However, as you note, there IS a subset of clinical phenomena for which clinicians will be able to assign causality at the level of an individual patient, even though we have NOT been able to witness the effect of either drug dechallenge or rechallenge. Malignancies have a directionally predictable trajectory in the absence of treatment- they will only get worse over time (not fluctuate, like asthma does). Sometimes deterioration is quick (e.g., pancreatic cancer) and sometimes deterioration is very slow (e.g., indolent lymphomas or some prostate cancers). The key point is that malignancies don’t spontaneously improve over time. We don’t see them melt away on imaging in the absence of treatment; if this occurs, the diagnosis of malignancy was likely incorrect. Therefore, if we see evidence of tumour burden lessening over time in a patient who has been exposed to a therapy, it’s very reasonable to conclude that it must have been the therapy that caused that improvement, even though we haven’t tested the patient’s response to treatment dechallenge and then rechallenge (criteria which are considered essential for assessing individual-level causality in the context of medical conditions for which a waxing/waning, rather than steadily deteriorating clinical course is the norm). If a malignant tumour shrinks over time after an intervention, it would be valid to infer that the patient had an “objective response” to the therapy. Of course, inferring treatment efficacy in individual patients in the context of a single-arm early phase cancer study requires that the techniques we use to assess tumour burden serially/over time are reliable.
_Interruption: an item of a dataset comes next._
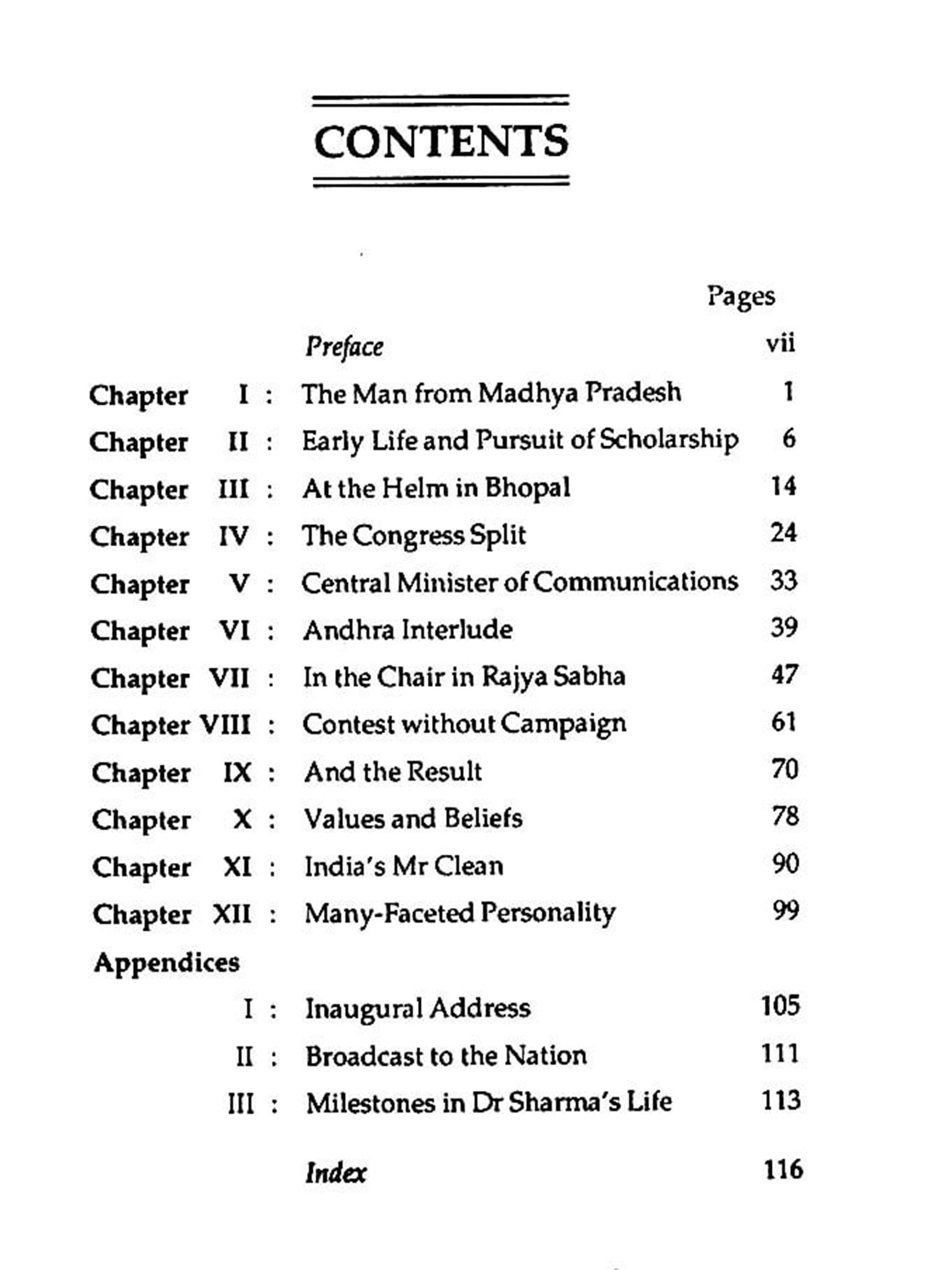 Needless to say, the conclusions and assessment are my own and I alone am responsible for any mistakes or inaccuracies. In portraying Dr Sharma's life and his activities in his various capacities, it has been my endeavour to draw a portrait of the man and his rise from humble beginnings to the highest office in the land. The weak spots have not been slurred over and, without indulging in adulation, some of the misconceptions about his role at crucial moments have been dispelled.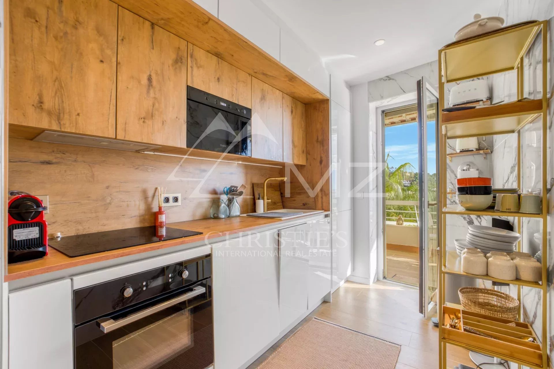 L'appartement se compose d'un séjour, d'une cuisine séparée entièrement aménagée, de deux chambres, d'une salle de douche avec douche à l'italienne et d'un wc. Chaque pièce principale donne sur la spacieuse terrasse de 27m2 surplombant la mer.

You are pointing out that while certain clinical scenarios (especially oncology) DO allow us to distinguish “responders” from “non-responders” to a therapy, the study design context in which this is done MATTERS. Specifically, Phase 1 is not Phase 3. While “responder analysis” might be reasonable in the context of a single arm Phase 1 oncology study, it is NOT going to be useful in the context of a Phase 3 RCT, for which the main goal is between-arm comparison. Researchers who try to apply an individual-level “responder analysis” in the context of trials with multiple arms (e.g., Phase 3 RCTs) are betraying a fundamental misunderstanding about the entire purpose of Phase 3 trials. In order to understand the purpose of Phase 3 trials, researchers must internalize (deeply) the purpose of concurrent control.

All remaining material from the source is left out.